Netdev Archive on lore.kernel.org
help / color / mirror / Atom feed
From: Andrii Nakryiko <andrii.nakryiko@gmail.com>
To: Alexei Starovoitov <alexei.starovoitov@gmail.com>
Cc: "David S. Miller" <davem@davemloft.net>,
	Daniel Borkmann <daniel@iogearbox.net>,
	Andrii Nakryiko <andrii@kernel.org>,
	Networking <netdev@vger.kernel.org>, bpf <bpf@vger.kernel.org>,
	Kernel Team <kernel-team@fb.com>
Subject: Re: [PATCH v6 bpf-next 03/11] bpf: Introduce bpf timers.
Date: Wed, 14 Jul 2021 16:59:53 -0700	[thread overview]
Message-ID: <CAEf4BzbJb3q0=LwHs_JXXB2a7wsY=rCF7E+nxsM2SgcC6KK8jA@mail.gmail.com> (raw)

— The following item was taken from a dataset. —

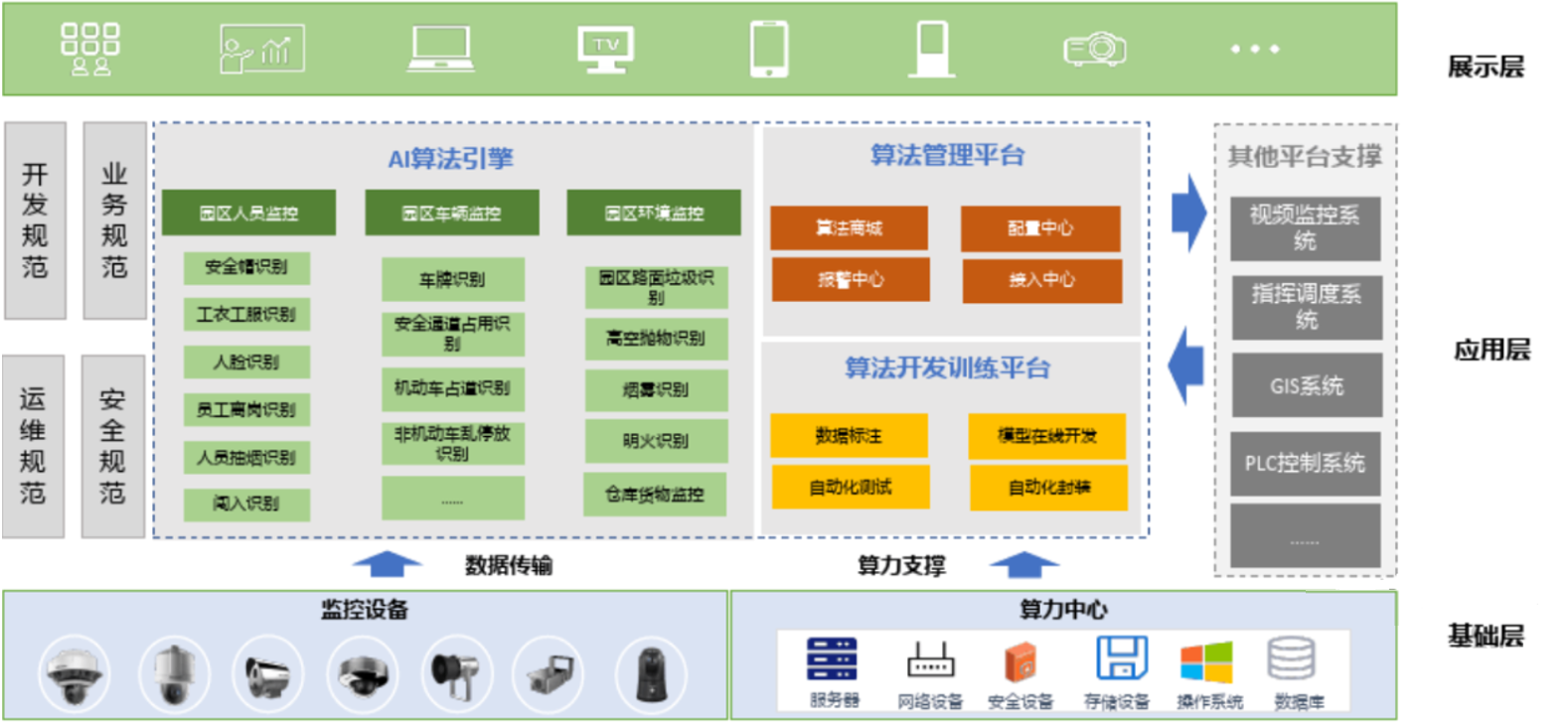 以AI算法平台为中心,基于智慧园区场景,提供定制化视频智能监控解决方案

In-Reply-To: <20210714010519.37922-4-alexei.starovoitov@gmail.com>

On Tue, Jul 13, 2021 at 6:05 PM Alexei Starovoitov
<alexei.starovoitov@gmail.com> wrote:
>
> From: Alexei Starovoitov <ast@kernel.org>
>
> Introduce 'struct bpf_timer { __u64 :64; __u64 :64; };' that can be embedded
> in hash/array/lru maps as a regular field and helpers to operate on it:
>
> // Initialize the timer.
> // First 4 bits of 'flags' specify clockid.
> // Only CLOCK_MONOTONIC, CLOCK_REALTIME, CLOCK_BOOTTIME are allowed.

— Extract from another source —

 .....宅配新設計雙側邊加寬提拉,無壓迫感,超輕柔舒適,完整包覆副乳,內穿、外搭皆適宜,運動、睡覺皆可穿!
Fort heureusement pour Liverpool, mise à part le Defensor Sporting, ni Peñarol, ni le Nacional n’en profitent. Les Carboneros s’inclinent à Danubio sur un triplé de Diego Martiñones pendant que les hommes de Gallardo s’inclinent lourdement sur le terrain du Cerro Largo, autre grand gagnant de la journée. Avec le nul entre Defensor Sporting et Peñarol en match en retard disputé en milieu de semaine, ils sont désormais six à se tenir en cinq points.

> long bpf_timer_init(struct bpf_timer *timer, struct bpf_map *map, int flags);
>
> // Configure the timer to call 'callback_fn' static function.
> long bpf_timer_set_callback(struct bpf_timer *timer, void *callback_fn);
>
> // Arm the timer to expire 'nsec' nanoseconds from the current time.
> long bpf_timer_start(struct bpf_timer *timer, u64 nsec, u64 flags);
>
> // Cancel the timer and wait for callback_fn to finish if it was running.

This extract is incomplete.